The result is dependant on values insertion order. For example, if we insert
a set of descendant values (e.g. 10,9,8,...) then it works fine othervise
(e.g. 1,2,3,...) it fails. Due to the standard it sould work fine in both
cases.
On case 2 and 3.
They are the variances of the single problem - it seems that unique
constraint's implicit index is not updated in a moment of value deletion.
In the second case we face with problem that values that have to be
implicitly deleted from the child table with cascade option still exists in
unique index and violates other operation (the shown example slightly
differs from real application scenario).
In the third case we face with problem that values that were explicitly
deleted both from the parent and child tables doesn't exists by itself but
still contained in indecies (success child insertion after deletion of
parent/child records). It violates operation silently only on transaction
commit and followed select returns empty record set.

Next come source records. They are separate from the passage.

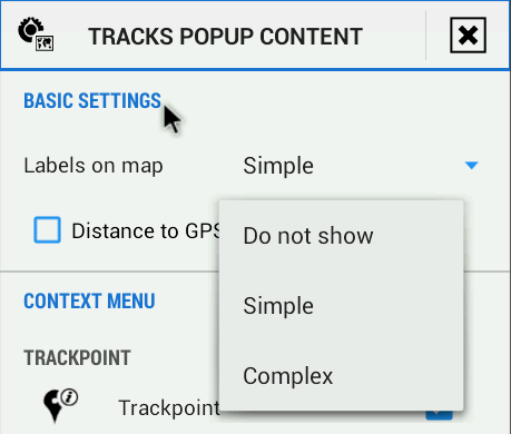Ok, when I change text size, it looks better. Settings related to tracks popup are same - do not show. And I still have label with name of track.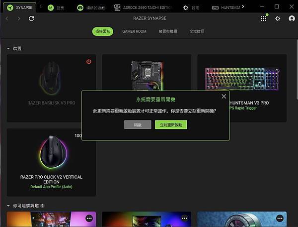 ▼ 系統安裝完 Razer Pro Click V2 Vertical Edition 會要求重新開機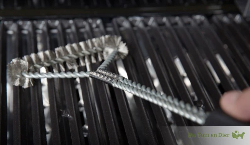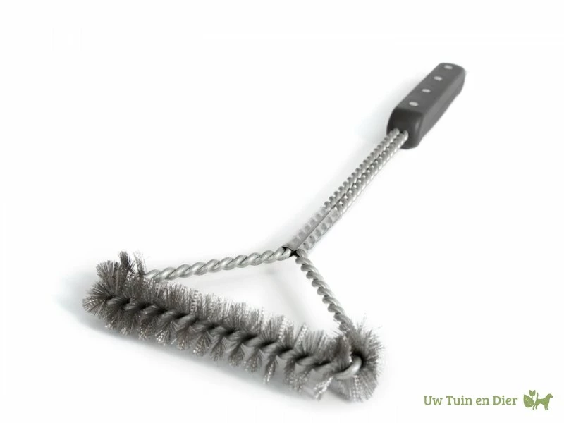 Reinigingsborstel met zacht en comfortabel rubberen handvat en een 16,5cm grote roestvrij stalen gedraaide borstelkop waardoor deze borstel tot diep in de hoeken van de barbecue reinigt.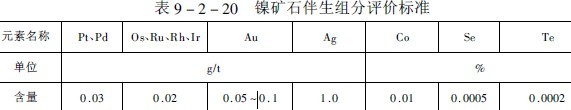 硫化鎳礦除含銅外,還伴生有鉑族金屬、鈷、金、銀、硒、碲等有價(jià)元素,評價(jià)標(biāo)準(zhǔn)列于表9-2-20。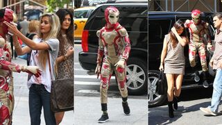 Let's just say you're a 14-year-old actor/rapper — the son of an actor/rapper and an actress/singer — and you're dating a 15-year-old pseudo-Kardashian. What do you wear while shopping in Manhattan in the hours before your big movie premiere? If you answered "Iron Man suit," you are correct, sir. Step right up and…
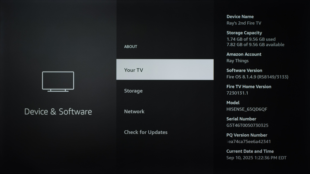 This TV has about 7.82GB of accessible internal storage with the included apps installed. These settings are valid for the unit we bought and tested, and it was calibrated on Fire OS 8.1.4.9 (RS8149/3133).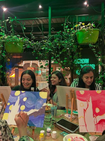 It’s not a strict art class - more like a creative party. Good music, chill atmosphere, and zero pressure. Bilkul koi judgment nahi (absolutely no judgment). If you’ve never painted before, you’re actually my favourite kind of person to have at a session. I’ll guide you, but you’re free to do your own thing. Mistakes? We celebrate them. Sometimes they make the best art.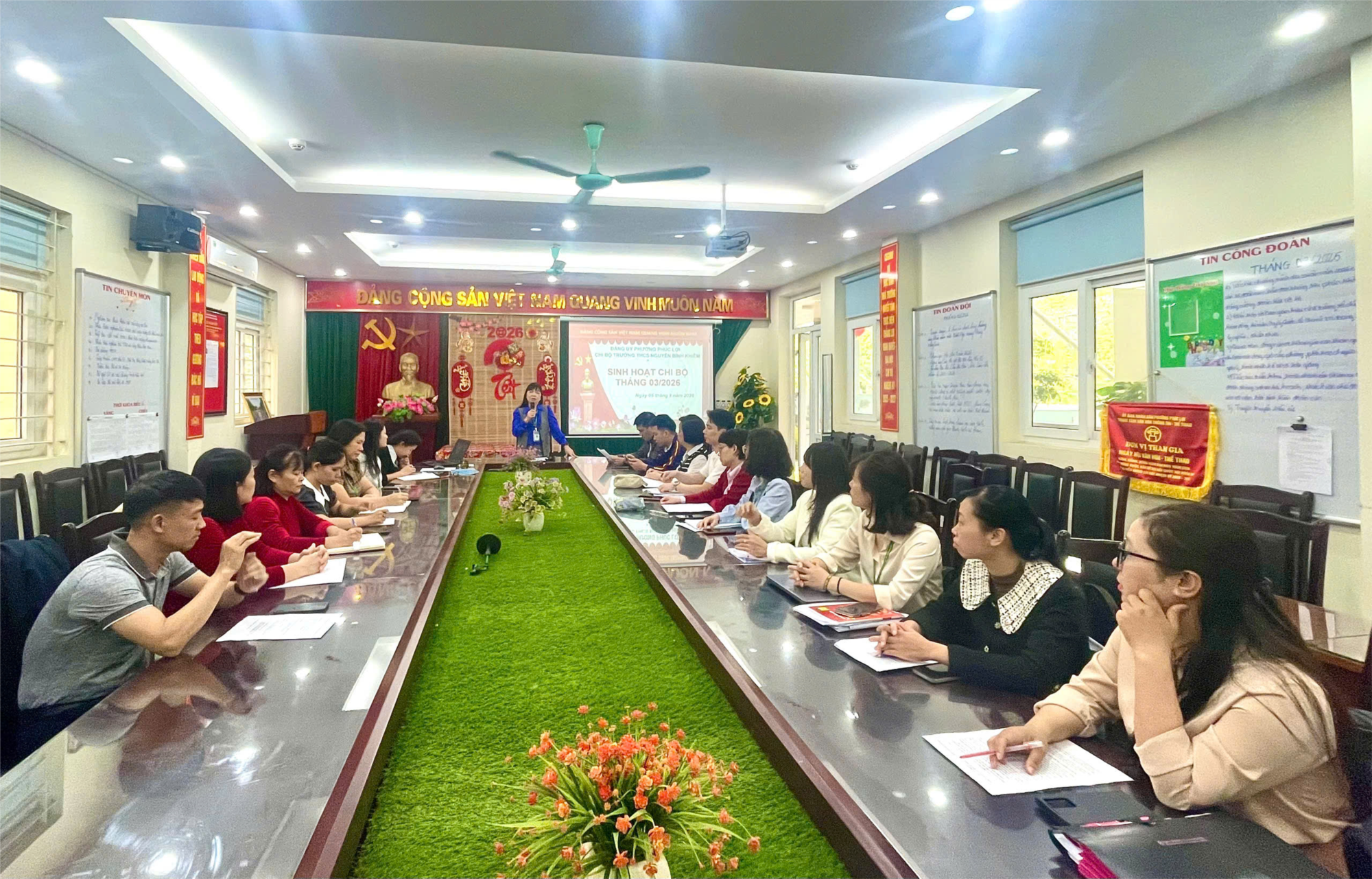 Bên cạnh nội dung học tập Nghị quyết, Chi bộ đã đánh giá kết quả thực hiện nhiệm vụ tháng 2/2026, ghi nhận những kết quả đạt được trong công tác chuyên môn, công tác xây dựng Đảng và các hoạt động phong trào của nhà trường. Đồng thời, Chi bộ thẳng thắn chỉ ra những hạn chế cần khắc phục, đề ra phương hướng, nhiệm vụ trọng tâm tháng 3/2026, tập trung vào việc nâng cao chất lượng dạy học, chuẩn bị tốt công tác kiểm tra giữa kỳ, đẩy mạnh các phong trào thi đua chào mừng các ngày lễ lớn trong tháng 3.

PS: Possibly i'm wrong and all mentioned isn't a bug but feature however in
other RDBMS systems (Oracle / MSSQL) such scenarios works fine.
On Thu, 23 Sep 2004, PostgreSQL Bugs List wrote:
/* ======== */
--case 1 prepare
delete from buggy_uq;
insert into buggy_uq values (1);
insert into buggy_uq values (2);
--case 1 test
update buggy_uq set i = i + 1;
select * from buggy_uq;
--expect - SUCCESS
--result - ERROR: duplicate key violates unique constraint "buggy_uq_i_key"
This is a known issue with the unique constraint.
--case 2 prepare
--case 3 prepare
I seem to get foreign key violations on both of these on both 7.4.x and
8.0 cvs using the scripts you provided just by running them in psql. I
think you need to give more details about what you were trying.
Stephan!
This is a known issue with the unique constraint.
Ok. Do you know any plans on this issue fix?
--case 2 prepare
--case 3 prepareI seem to get foreign key violations on both of these on both 7.4.x and
8.0 cvs using the scripts you provided just by running them in psql. I
think you need to give more details about what you were trying.
Hmmm....
In the nearest couple of days i'll be able to check this under linux psql 8 beta 2 but under windows it is a repeatable.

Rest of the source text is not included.